Task data:
+ + +

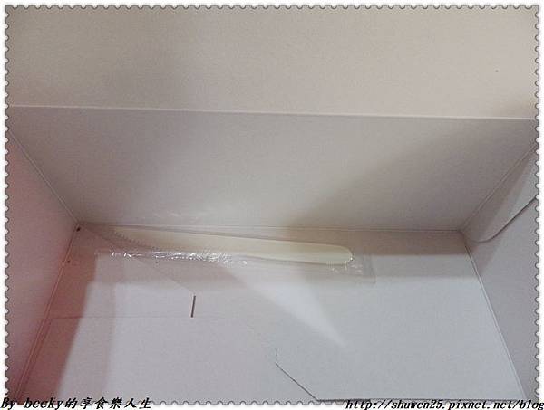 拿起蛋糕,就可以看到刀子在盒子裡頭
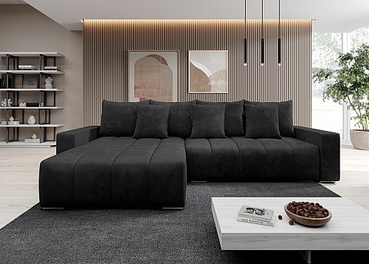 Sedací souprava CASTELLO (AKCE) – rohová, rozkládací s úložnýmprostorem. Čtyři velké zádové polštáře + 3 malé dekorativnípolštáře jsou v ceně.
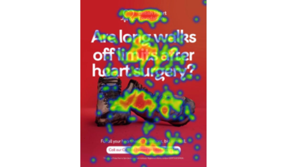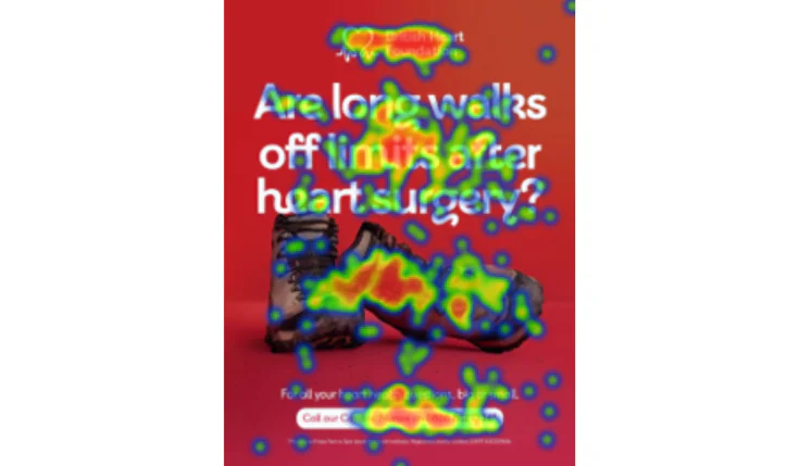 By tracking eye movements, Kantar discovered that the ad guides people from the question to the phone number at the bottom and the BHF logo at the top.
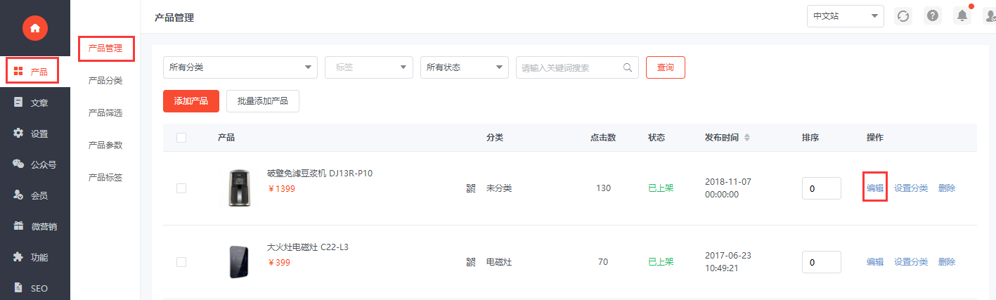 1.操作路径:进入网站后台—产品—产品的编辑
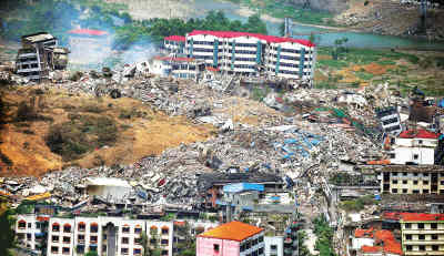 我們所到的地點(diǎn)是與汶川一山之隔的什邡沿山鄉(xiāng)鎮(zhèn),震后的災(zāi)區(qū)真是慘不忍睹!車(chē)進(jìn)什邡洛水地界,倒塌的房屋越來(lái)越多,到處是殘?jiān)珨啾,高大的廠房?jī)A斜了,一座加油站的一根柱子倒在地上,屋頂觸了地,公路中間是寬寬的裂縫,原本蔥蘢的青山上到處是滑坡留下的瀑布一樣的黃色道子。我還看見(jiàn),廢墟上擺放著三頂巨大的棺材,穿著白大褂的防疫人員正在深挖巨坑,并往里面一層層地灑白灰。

+ + +

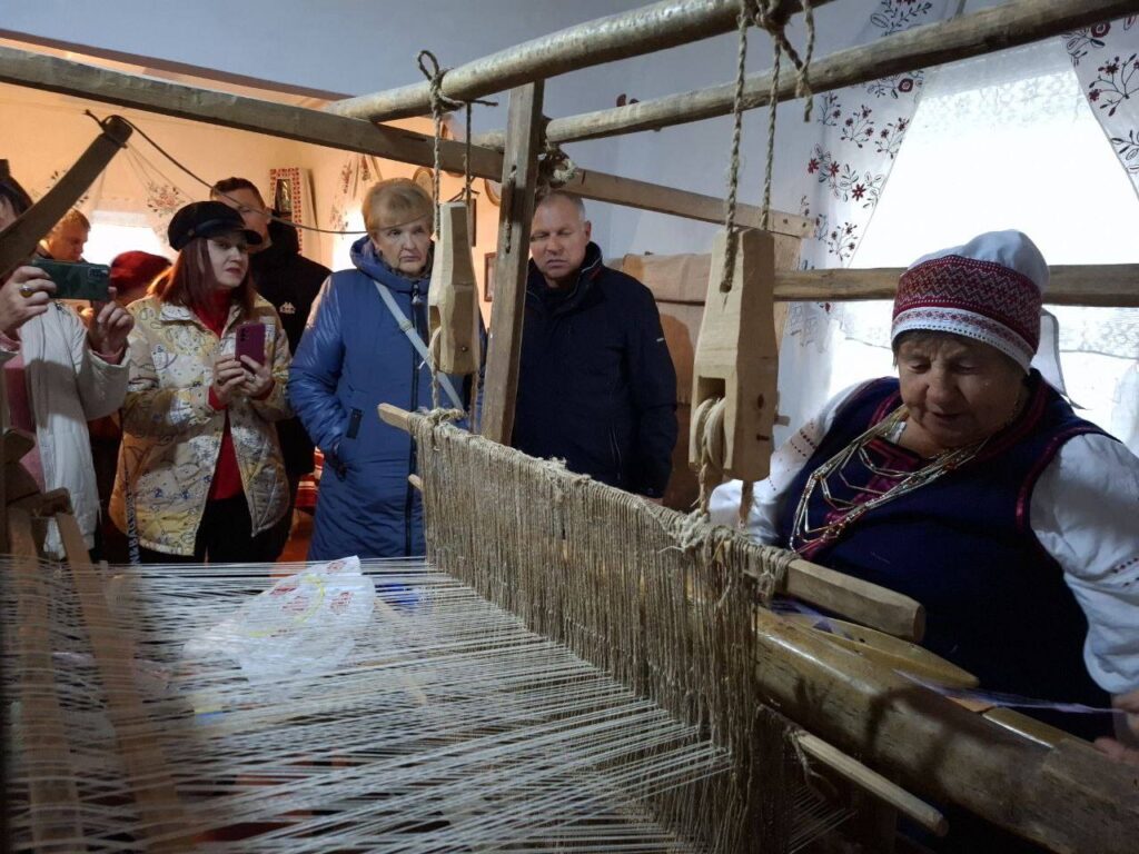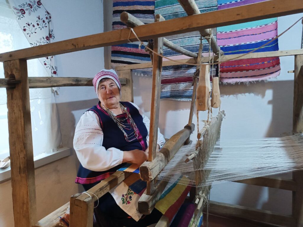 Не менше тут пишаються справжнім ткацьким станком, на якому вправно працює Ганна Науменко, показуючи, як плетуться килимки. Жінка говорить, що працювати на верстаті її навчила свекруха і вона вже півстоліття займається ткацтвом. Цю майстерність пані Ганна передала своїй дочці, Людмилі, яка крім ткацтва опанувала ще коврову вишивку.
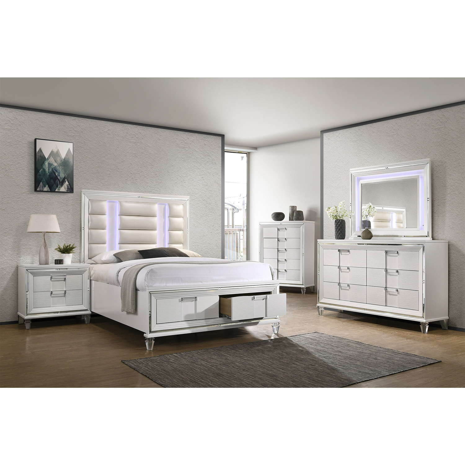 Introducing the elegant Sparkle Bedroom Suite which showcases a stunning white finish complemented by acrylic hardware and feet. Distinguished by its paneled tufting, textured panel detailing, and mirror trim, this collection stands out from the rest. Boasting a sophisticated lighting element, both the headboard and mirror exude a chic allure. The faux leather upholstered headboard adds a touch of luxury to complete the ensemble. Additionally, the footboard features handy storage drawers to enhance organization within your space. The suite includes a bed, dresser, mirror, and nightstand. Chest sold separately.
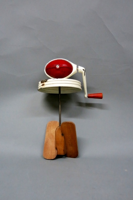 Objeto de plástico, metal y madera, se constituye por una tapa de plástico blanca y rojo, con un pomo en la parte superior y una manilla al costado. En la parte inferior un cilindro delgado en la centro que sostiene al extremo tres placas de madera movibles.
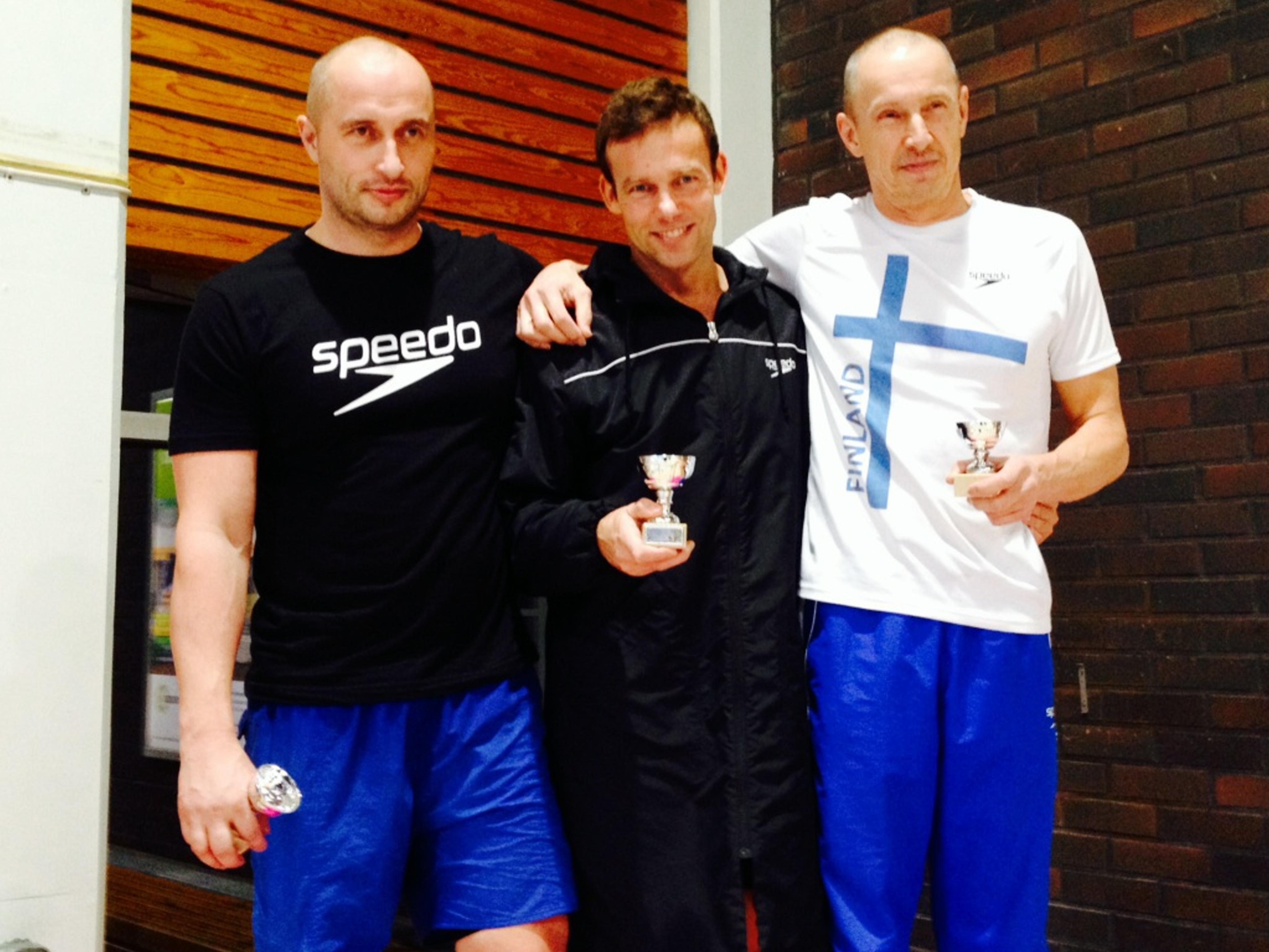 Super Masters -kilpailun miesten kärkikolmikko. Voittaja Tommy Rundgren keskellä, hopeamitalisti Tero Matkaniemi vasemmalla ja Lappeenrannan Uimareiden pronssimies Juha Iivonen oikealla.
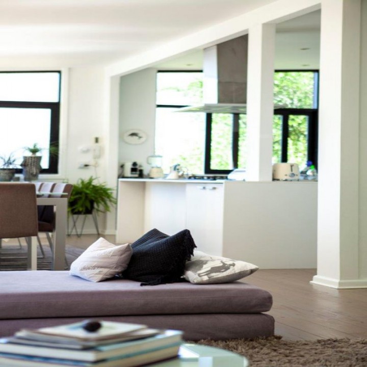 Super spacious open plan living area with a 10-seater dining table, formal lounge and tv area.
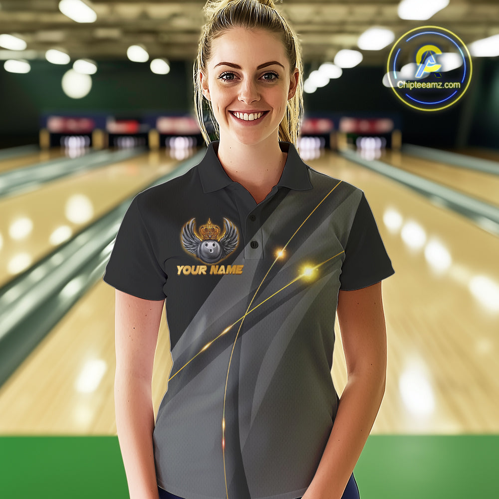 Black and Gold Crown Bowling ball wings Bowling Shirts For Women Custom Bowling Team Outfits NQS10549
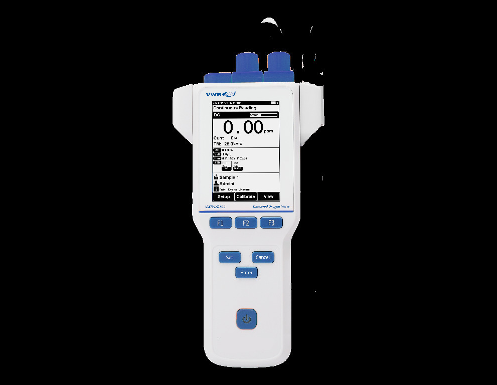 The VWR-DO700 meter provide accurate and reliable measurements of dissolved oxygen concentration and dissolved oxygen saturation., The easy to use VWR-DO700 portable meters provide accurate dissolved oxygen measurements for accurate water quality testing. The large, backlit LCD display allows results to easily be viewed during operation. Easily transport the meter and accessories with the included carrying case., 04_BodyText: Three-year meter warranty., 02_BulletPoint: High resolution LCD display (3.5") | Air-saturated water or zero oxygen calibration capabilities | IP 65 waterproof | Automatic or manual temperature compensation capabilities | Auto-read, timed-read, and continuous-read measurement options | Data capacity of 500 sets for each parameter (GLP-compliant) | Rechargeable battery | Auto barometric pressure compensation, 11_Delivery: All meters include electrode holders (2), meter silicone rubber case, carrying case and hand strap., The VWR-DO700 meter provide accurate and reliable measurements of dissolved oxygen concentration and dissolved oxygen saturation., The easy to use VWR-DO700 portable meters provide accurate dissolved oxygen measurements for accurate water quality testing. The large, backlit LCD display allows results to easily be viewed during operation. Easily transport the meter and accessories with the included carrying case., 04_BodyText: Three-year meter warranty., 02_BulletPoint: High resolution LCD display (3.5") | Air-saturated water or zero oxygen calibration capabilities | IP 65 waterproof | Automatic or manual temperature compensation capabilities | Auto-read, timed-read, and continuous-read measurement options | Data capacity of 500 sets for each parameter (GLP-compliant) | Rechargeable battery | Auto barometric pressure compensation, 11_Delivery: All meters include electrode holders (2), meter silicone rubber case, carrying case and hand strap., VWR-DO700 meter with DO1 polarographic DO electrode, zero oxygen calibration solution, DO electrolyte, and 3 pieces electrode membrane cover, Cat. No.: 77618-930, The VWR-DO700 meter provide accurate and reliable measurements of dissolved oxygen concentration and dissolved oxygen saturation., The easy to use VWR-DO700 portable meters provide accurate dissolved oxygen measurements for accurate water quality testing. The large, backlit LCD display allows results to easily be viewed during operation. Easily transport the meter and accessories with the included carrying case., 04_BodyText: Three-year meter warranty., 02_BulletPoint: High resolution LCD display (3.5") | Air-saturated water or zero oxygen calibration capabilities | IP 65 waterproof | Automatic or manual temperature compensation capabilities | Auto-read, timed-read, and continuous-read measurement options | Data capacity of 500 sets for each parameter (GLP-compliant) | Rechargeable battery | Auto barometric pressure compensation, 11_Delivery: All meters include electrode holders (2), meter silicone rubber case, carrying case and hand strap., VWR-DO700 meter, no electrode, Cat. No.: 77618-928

+ + +

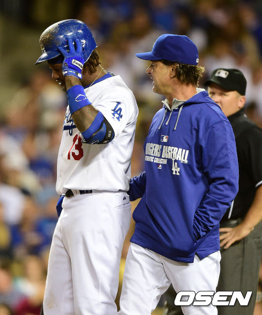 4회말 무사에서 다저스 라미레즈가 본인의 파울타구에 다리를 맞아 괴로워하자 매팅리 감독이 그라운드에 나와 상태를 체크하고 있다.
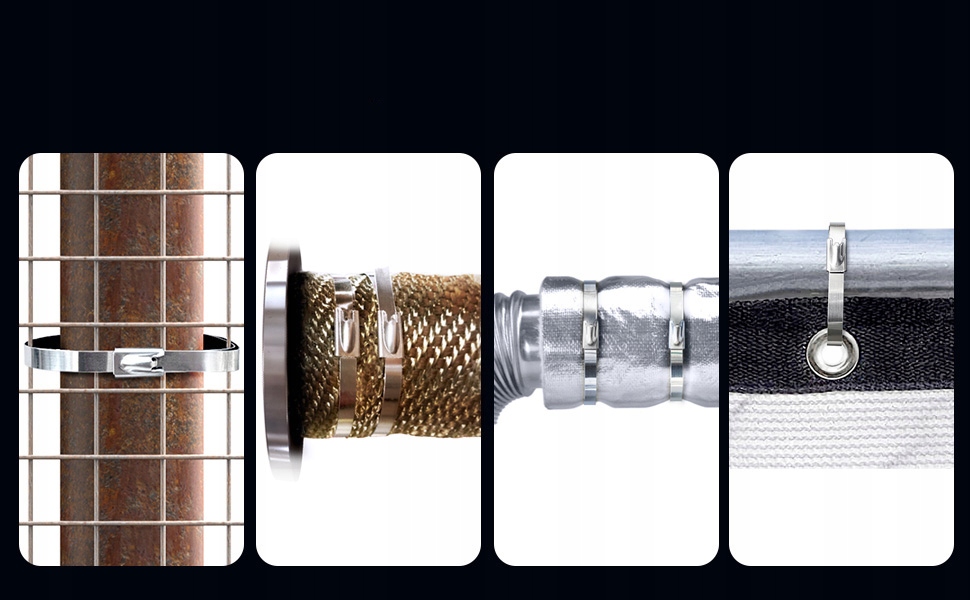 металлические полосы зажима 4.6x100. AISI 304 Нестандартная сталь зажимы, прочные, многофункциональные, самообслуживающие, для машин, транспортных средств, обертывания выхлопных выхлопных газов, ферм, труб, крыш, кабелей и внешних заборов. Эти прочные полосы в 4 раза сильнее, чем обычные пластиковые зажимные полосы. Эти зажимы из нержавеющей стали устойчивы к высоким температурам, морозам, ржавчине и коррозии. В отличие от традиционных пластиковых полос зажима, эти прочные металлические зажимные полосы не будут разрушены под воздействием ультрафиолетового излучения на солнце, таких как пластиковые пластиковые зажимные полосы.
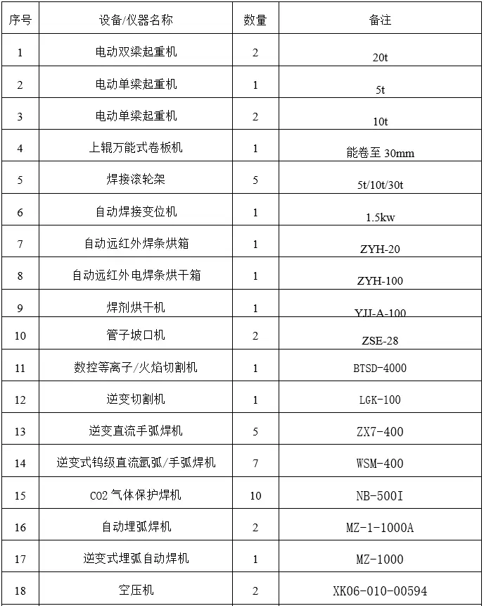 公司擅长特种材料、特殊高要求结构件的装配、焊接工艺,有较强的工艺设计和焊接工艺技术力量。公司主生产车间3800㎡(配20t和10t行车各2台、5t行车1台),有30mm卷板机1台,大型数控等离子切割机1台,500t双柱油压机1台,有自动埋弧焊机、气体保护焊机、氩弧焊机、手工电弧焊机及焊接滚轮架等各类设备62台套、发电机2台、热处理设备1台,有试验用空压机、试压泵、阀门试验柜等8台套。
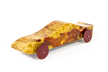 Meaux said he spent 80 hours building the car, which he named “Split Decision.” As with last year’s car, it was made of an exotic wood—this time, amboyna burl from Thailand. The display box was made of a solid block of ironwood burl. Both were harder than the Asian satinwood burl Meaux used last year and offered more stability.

+ + +

What you will do: Word for word, restate the lines above from the one with "Super spacious open" through the one with "Black and Gold", keeping both ends and dropping the pictures.

Answer box:
 Super spacious open plan living area with a 10-seater dining table, formal lounge and tv area.
 Black and Gold Crown Bowling ball wings Bowling Shirts For Women Custom Bowling Team Outfits NQS10549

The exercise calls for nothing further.